#**WEEK 7**

In this lab, we'll be returning to Chapter 4 of the Applied Bioinformatics textbook, and we'll be looking at the chapter on multiple sequence alignments / phylogenetics.

First, since this is a new notebook we'll have to install BioPython using the code block below.

In [None]:
##Install BioPython in Jupyter Notebook
%pip install biopython

##Part 1: Multiple sequence alignment

Multiple sequence alignment involves scaling up the concept of pairwise alignment; that is instead of aligning two sequences against each other, you align three or more sequences against each other.

If you haven't read Section 4.1 of the textbook, do it now.

You'll note that they discuss four methods of multiple sequence alignment; dynamic programming, progressive alignment, iterative alignment, and genome alignment. The categorization of MFA algorithms is kind of blurry and this is one categorization among many; the main ones we talked about in class are pairwise vs iterative, but there's many algorithms which use an adapted version of either approach or a combination of the two.
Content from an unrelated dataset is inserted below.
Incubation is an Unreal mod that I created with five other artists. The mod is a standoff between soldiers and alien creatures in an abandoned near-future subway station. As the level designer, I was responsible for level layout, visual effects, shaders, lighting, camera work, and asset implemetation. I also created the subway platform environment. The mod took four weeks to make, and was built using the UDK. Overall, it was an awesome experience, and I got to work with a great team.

The most important things to remember for now are:

1. Multiple sequence alignment is computationally difficult

2. All MSA algorithms have to balance speed vs complexity. The more complex the algorithm the more likely they are to be accurate, but the slower they tend to be.
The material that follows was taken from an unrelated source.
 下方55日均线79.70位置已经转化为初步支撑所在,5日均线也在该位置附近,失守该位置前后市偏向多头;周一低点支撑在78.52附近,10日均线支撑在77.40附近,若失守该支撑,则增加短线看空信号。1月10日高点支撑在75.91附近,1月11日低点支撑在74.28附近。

Up until this point we've been using BioPython for all our bioinformatic analyses: you might be asking at this point whether you can use BioPython to carry out a multiple sequence alignment. Of course you can! However, it is a bit more complicated than you might think.

In [None]:
##Align sequences using the ClustalW algorithm implemented in BioPython
from Bio.Align.Applications import ClustalwCommandline


in_file = "example_sequences.fasta"

clustalw_cline = ClustalwCommandline("clustalw2", infile="example_sequences.fasta")

print(clustalw_cline)

clustalw2 -infile=example_sequences.fasta

from Bio import AlignIO
align = AlignIO.read("example_sequences.aln", "clustal")
print(align)

The code above *should* perform a MSA using the ClustalW algorithm, but it doesn't. That's because BioPython doesn't directly contain the code necessary to run the ClustalW algorithm; it has what's called a **wrapper**, which allows you to implement the algorithm without having to exit the coding environment you're currently using. However, this assumes that there is something inside the wrapper. In this case, the BioPython module is looking for the ClustalW software inside the wrapper, and is finding... nothing!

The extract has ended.